A meaningful shift in the retail banking industry is underway. It is being driven by millennials (individuals reaching young adulthood around the year 2000) and mobile-savvy consumers. These individuals are shunning retail branches. The amount of banking activity that is taking place via mobile devices and the internet is growing rapidly. This is causing banking institutions to provide the newest online and mobile features as quickly as possible.
According to a Nielsen survey, more adults (77%) – of all ages – prefer paying bills online instead of using any other channel. As depicted in the chart below, the relative preferences to conduct banking business through other-than-traditional means are even more popular among millennials.
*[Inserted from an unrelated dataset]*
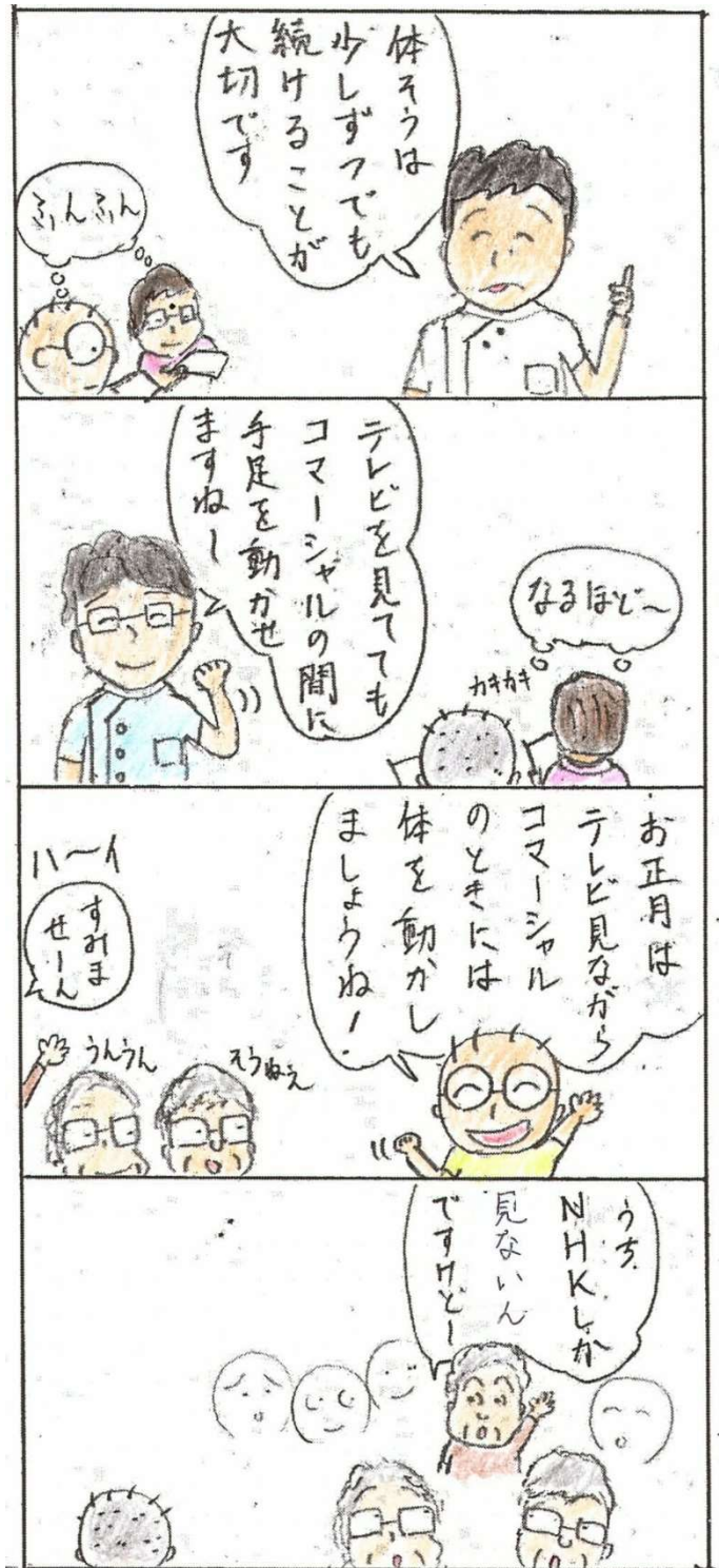
◎べつにCM中じゃなくてもいいですよ～

おしどりふれあいだよりは、法人のホームページにも掲載しています。また、ふれあいの家の日々の活動もブログに掲載しています。ぜひご覧ください。

TD Bank reports that for this age group checking balances, paying bills and transferring money were among the top digital banking activities. More than half of millennials are already using digital channels to transfer money.
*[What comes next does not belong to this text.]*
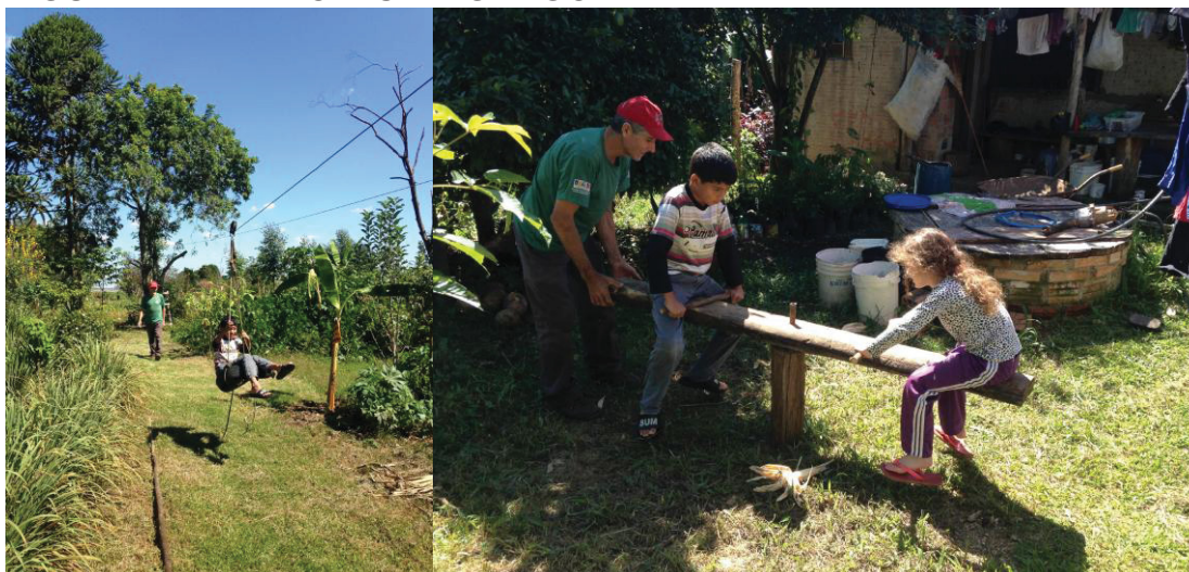
FIGURA 11 - A TIROLESA E GANGORRA

Traditional banks such as Wells Fargo[i] are being forced to change their product offerings in order to better match consumer tastes. For example, according to Wells Fargo’s business filings, at the end of 2014’s second quarter, it had in excess of 13.1 million mobile banking customers; a 285% increase relative to the 3.4 million mobile banking customers it had four years earlier.
The basic services millennials use including, Facebook, Google[ii], iTunes, Snapchat, Instagram and mobile phone accounts, do not require a signature when the account is opened. Traditional banking institutions require a signature when the account is opened. This may put them at a disadvantage with the younger generation.
According to data from Accenture, nearly three in four North American millennials have indicated their willingness to bank with non-traditional companies. These include companies like Square, PayPal[iii] and Apple.[iv] The same study also shows that about two-thirds of such individuals are unhappy with their retail banking experience. About 40% of them would consider using a branchless digital bank.
Payment mechanisms are also changing. Services such as PayPal and Apple Pay are more secure than activities such as swiping your credit card at an in-store terminal, as they can limit the vendor’s ability to see the account number and other relevant information. This can help to eliminate the type of security breaches that have hit companies such as Target and Home Depot in the last year.
At BWFA, we believe these changes to the way individuals conduct their banking business and the increased use of online and mobile transactions represent long-term trends that are still in their early stages. It is certainly too soon to know who the ultimate winners will be. Our list of “Buy-“ and “Hold-“ rated securities includes a few companies we believe are well-positioned to take advantage of these long-term trends.
[i] Shares of Wells Fargo are held in the portfolios of some BWFA clients.
[ii] Shares of Google are held in the portfolios of some BWFA clients.
[iii] Shares of eBay (the owner of PayPal) are held in the portfolios of some BWFA clients.
[iv] Shares of Apple are held in the portfolios of some BWFA clients.